I received a recommendation from Ted Young recently to try a switch to IntelliJ IDEA as an alternative to Eclipse IDE. I’ve been using Eclipse for years, but figured I’d give this tool a try, as it’s brought to you by the clever folks that make Resharper. Uncle Bob uses it in his series of Clean Code videos as well. I’ve been watching these lately, and his fluency with that IDE is making me long for something a little more… polished than Eclipse. I guess I’m spoiled by Visual Studio.

Anyway, I’ve installed the Community version of IntelliJ. Over the weekend, I spent a few hours porting my home automation project, Daedalus, to be usable by IntelliJ. Mostly, this involved turning it into a Maven project, and then ironing out a handful of miscellaneous details and quirks.

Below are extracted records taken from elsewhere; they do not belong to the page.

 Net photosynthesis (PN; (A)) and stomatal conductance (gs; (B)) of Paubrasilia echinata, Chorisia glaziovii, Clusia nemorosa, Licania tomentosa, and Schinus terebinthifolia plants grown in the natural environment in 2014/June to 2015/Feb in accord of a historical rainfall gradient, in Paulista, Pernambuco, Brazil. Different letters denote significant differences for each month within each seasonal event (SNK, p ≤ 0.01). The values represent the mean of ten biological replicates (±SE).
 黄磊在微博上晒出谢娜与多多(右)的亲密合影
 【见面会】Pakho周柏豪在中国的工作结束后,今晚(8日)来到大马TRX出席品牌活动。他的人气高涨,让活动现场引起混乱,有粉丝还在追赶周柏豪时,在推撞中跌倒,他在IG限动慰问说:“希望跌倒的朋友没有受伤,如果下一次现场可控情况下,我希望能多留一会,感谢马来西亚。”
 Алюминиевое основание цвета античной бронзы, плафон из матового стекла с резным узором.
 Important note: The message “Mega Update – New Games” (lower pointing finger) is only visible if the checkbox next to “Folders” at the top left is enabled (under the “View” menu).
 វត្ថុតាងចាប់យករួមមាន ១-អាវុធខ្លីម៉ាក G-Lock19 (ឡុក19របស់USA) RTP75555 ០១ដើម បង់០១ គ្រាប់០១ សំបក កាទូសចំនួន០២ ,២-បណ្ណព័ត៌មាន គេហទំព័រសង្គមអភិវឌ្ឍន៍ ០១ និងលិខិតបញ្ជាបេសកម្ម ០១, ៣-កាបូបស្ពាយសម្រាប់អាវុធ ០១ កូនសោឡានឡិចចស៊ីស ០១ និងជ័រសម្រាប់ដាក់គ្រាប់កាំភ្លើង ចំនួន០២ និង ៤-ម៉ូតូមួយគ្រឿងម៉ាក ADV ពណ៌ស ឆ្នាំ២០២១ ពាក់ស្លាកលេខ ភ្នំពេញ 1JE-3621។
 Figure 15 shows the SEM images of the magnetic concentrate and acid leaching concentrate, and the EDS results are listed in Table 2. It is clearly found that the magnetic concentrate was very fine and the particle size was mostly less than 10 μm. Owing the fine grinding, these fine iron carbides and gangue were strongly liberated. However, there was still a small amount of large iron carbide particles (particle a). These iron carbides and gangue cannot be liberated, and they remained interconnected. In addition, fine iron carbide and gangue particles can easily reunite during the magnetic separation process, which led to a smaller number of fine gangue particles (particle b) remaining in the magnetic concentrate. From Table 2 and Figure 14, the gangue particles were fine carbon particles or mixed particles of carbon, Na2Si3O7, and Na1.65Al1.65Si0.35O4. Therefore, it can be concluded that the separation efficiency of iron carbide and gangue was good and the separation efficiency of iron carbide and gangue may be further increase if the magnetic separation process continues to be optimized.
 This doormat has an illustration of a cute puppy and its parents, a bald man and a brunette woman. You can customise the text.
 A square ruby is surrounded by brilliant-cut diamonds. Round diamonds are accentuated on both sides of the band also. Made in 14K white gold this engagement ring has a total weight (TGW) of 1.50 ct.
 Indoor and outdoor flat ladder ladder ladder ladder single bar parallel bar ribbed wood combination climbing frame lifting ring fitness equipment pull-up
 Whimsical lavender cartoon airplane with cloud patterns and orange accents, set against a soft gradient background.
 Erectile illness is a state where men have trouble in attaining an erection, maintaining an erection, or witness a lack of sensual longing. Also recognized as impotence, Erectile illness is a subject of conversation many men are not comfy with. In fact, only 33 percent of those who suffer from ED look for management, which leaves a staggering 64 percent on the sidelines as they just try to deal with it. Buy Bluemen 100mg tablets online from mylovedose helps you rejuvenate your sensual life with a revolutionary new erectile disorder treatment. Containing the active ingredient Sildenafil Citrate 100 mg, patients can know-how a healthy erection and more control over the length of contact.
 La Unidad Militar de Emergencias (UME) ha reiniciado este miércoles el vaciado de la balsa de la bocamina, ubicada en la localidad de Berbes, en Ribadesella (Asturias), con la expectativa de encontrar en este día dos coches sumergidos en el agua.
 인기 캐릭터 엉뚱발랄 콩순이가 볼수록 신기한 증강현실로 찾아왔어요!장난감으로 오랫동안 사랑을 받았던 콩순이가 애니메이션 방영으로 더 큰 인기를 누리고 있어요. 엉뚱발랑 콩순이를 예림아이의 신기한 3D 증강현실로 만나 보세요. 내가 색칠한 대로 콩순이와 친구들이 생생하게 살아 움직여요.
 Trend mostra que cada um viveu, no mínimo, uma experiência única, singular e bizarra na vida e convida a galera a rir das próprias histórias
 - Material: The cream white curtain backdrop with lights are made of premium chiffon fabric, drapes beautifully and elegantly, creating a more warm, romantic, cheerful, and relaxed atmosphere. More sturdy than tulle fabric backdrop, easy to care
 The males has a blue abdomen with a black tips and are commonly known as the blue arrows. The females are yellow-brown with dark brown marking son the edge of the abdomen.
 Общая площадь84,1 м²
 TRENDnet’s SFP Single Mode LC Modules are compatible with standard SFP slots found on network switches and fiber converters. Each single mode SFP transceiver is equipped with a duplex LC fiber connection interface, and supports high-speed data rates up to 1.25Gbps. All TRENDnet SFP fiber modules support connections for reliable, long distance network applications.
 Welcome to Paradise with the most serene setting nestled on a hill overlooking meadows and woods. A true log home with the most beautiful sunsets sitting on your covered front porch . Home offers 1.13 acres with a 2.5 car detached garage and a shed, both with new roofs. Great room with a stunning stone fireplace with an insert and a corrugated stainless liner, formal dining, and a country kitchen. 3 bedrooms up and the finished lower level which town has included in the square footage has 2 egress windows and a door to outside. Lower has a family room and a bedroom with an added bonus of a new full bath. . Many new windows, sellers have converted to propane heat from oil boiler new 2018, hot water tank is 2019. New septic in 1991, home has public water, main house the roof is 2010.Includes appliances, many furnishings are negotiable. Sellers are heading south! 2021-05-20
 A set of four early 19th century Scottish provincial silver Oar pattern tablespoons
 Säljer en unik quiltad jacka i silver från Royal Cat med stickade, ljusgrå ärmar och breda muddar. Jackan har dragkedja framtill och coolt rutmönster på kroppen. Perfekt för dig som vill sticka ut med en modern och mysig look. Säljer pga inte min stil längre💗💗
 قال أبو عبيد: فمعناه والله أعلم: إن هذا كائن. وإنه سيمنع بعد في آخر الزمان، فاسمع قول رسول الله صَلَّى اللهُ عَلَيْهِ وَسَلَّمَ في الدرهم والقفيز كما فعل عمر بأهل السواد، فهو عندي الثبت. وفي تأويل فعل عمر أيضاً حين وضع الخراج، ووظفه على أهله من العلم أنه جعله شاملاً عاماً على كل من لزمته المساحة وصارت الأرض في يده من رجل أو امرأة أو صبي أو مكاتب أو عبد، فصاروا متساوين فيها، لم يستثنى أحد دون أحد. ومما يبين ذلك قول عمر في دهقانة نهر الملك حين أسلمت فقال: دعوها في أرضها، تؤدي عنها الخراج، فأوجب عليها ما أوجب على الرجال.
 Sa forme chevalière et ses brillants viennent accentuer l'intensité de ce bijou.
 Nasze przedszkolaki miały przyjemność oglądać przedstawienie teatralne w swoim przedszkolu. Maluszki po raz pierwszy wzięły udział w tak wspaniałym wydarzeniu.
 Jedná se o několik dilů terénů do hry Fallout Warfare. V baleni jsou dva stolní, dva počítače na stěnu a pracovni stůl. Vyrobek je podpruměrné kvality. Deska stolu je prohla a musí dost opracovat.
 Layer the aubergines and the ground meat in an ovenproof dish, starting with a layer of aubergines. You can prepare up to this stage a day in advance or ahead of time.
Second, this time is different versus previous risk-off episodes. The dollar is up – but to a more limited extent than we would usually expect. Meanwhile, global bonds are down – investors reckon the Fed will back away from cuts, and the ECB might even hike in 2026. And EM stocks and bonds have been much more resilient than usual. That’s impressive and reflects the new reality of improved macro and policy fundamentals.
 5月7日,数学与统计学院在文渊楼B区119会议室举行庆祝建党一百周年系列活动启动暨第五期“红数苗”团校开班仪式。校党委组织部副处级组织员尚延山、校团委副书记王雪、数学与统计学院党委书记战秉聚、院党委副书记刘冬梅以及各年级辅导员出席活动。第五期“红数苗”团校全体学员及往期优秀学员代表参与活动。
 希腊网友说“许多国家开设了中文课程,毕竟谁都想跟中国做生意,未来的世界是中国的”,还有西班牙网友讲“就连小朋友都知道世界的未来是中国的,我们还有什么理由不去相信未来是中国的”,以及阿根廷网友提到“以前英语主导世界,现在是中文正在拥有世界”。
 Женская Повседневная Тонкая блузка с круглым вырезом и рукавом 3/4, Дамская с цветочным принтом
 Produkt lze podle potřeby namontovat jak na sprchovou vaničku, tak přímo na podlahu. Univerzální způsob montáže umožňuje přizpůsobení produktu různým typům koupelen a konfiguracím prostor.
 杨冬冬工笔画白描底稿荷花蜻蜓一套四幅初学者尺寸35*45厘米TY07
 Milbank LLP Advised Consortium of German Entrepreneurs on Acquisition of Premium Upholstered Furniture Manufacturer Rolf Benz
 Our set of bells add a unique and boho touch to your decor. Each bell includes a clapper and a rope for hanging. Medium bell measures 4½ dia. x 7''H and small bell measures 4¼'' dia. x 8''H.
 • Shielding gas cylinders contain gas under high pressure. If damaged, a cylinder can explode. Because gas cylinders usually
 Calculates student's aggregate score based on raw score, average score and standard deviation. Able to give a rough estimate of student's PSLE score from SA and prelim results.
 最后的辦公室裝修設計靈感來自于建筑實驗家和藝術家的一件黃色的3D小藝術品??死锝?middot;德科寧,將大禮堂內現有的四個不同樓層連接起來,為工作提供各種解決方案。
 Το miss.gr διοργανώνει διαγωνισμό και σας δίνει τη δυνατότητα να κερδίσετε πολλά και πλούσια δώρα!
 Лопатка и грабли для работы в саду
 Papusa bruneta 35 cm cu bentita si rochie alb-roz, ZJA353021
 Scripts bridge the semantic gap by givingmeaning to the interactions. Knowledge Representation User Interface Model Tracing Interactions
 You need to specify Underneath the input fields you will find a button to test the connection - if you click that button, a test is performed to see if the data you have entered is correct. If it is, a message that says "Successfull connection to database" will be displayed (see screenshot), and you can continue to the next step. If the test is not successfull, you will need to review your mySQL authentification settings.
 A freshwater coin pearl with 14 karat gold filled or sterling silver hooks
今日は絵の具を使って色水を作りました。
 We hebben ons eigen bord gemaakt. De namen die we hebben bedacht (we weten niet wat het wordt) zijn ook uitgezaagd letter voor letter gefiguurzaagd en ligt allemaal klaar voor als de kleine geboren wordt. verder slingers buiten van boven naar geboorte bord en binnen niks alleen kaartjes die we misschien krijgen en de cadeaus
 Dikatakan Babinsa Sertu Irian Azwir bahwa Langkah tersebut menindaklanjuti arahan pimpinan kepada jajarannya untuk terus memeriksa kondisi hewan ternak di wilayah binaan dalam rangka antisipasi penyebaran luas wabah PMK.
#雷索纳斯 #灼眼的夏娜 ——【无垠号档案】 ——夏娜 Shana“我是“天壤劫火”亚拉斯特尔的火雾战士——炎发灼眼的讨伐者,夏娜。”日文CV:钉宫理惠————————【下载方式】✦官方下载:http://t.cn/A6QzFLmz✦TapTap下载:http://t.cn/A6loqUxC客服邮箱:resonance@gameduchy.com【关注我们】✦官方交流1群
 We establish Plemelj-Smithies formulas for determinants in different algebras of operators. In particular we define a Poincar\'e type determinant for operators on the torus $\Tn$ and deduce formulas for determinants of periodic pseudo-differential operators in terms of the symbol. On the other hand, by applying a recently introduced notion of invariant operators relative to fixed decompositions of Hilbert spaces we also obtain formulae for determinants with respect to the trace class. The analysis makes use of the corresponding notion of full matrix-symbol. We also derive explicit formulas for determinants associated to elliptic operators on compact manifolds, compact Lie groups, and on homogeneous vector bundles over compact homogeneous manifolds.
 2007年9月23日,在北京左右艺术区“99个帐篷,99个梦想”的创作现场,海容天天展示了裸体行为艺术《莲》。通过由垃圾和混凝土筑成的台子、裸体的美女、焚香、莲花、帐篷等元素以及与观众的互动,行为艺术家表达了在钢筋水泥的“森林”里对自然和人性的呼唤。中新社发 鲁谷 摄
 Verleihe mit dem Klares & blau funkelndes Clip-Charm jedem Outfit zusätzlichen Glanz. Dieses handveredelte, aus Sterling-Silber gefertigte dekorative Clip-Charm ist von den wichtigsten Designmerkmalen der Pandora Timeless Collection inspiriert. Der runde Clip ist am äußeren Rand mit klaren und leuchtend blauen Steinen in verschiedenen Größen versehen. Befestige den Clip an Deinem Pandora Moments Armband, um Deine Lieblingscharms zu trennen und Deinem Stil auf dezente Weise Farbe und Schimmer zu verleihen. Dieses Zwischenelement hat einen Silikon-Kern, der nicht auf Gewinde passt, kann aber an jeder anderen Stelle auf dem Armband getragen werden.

I’m already much happier with this IDE than I was with Eclipse.

For starters, the Intelli-Sense (or whatever it’s called) is vastly superior to Eclipse. The static analysis for things like non-compiling code is also much snappier and prettier. And, beyond that, little things do what I’m used to from Visual Studio (e.g. ctrl-tab between code files). It’s weird, but a few things like that here and there really add up to being happier with the user experience. Using IntelliJ feels like coming home, which is impressive, since I’ve never used it (and I don’t even use ReSharper). Color me impressed.

Here is a handful of other miscellaneous observations so far:

  • Ctrl-W and Ctrl-Shift-W widen and narrow selected scope, respectively (equivalent of the numpad + and – in CodeRush).
  • Getting my black background seemed pretty tedious. I didn’t discover until the end that if I set some high level setting with black background, that mostly became default.
  • On the flip side, the color scheme in there is awesome – I can vary RGB ratios and darkness independently, meaning I can keep the default color scheme, but make all the foreground colors a lot lighter so they show up on black.
  • If you download the Community (read: free) version, bear in mind that you get no server integration. It took me a long time to figure out that I couldn’t integrate Tomcat as that’s only for the pay-to-play version
  • The last bullet isn’t a major hindrance. I just set up an Ant build to deploy a WAR file and set the Ant build up to run after successful compile when I want to deploy. The only thing I lose is the ability to start Tomcat in the IDE and browse in the IDE but both of those were pretty flaky in Eclipse anyway. Keeping a browser window open isn’t the end of the world.
  • When I go to commit to SVN, a window pops up with code analysis messages, giving me what I assume is the Java equivalent of StyleCop or FX Cop. This is pretty awesome since my idiomatic Java is pretty rusty. I imagine this will help shake off some of that rust.
  • Still haven’t worked out all of the shortcuts for running tests in TDD. Options seem better than Eclipse, but I still have to tame them.
  • The project/module definition in place of Eclipse’s workspace/project definition is a little odd, but whatever.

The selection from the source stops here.